Uber has one and so should Lyft. Does it exist?


----------



## 7Miles (Dec 17, 2014)

No . And I will not drive to them to pick them up either . Why would you drive to them ? Waste of your time and gas.

I live by Mexican border and once had this elderly couple from Tijuana. They refuse to know how things work on their phone . A wateress from a restaurant who also drives Lyft downloaded Lyft app for them and requested Lyft (me). They called me later that night on my cell asking me to pick them up again . No way I will do that !


----------



## Skepticaldriver (Mar 5, 2017)

Yeah. Plus. Why? Are you proud of this gig in the state its in? 

Also. Preplanning of a ride and using the lyft uber app to do it. They reserve the right to eff you over and deactivate u. 

Not to mention. Why. The fares suck. Why would you go way out of your way for a specific crappy fare


----------



## Trump Economics (Jul 29, 2015)

Urbanappalachian said:


> Uber has one and so should Lyft. Does it exist?
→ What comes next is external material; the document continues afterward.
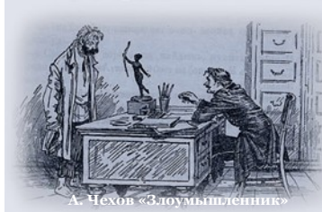
А. Чехов «Злоумышленник»

жителей маленького города, погрязших в пошлости, подхалимаж полицейских. В своих рассказах Антон Павлович также затронул народную тему. Он бывал в русских деревнях, где его поразила темнота и необразованность русского народа. Это нашло отражение в таких его рассказах, как «Налим», «Злоумышленник». Во многих своих рассказах Чехов высмеивает мещанство, обывательщину. Таковы рассказы «Папаша», «Письмо к ученому соседу», «Загадочная натура», «Из дневника помощника бухгалтера». Чехов ненавидел пошлость, мещанство, консерватизм, в ко-

Oh, you're in the payday loan business, too?


----------



## Urbanappalachian (Dec 11, 2016)

Says a Trump U graduate! LOL.



Trump Economics said:


> Oh, you're in the payday loan business, too?


----------



## Trump Economics (Jul 29, 2015)

Urbanappalachian said:


> Says a Trump U graduate! LOL.


I don't know what's funnier -- your comeback, or the fact that you want to make business cards for a less than minimum-wage payday loan company, but to each their own


----------



## TCANN (Jun 29, 2017)

Trump Economics said:


> I don't know what's funnier -- your comeback, or the fact that you want to make business cards for a less than minimum-wage payday loan company, but to each their own


I am new to this forum, and have seen you post several times about "less than minimum wage".
You probably posted your algorithm for this somewhere which i have not seen.
How do you explain that?


----------



## Trump Economics (Jul 29, 2015)

TCANN said:


> I am new to this forum, and have seen you post several times about "less than minimum wage".
> You probably posted your algorithm for this somewhere which i have not seen.
> How do you explain that?


Thanks for the response. If you look closely at my page, you'll see several posts that offer proof of less than minimum-wage earnings.

Have a good day


----------



## Maven (Feb 9, 2017)

Urbanappalachian said:


> where can I find the Lyft template to create my business card? Uber has one and so should Lyft. Does it exist?


see https://uberpeople.net/threads/referrals.182457/#post-2714516


----------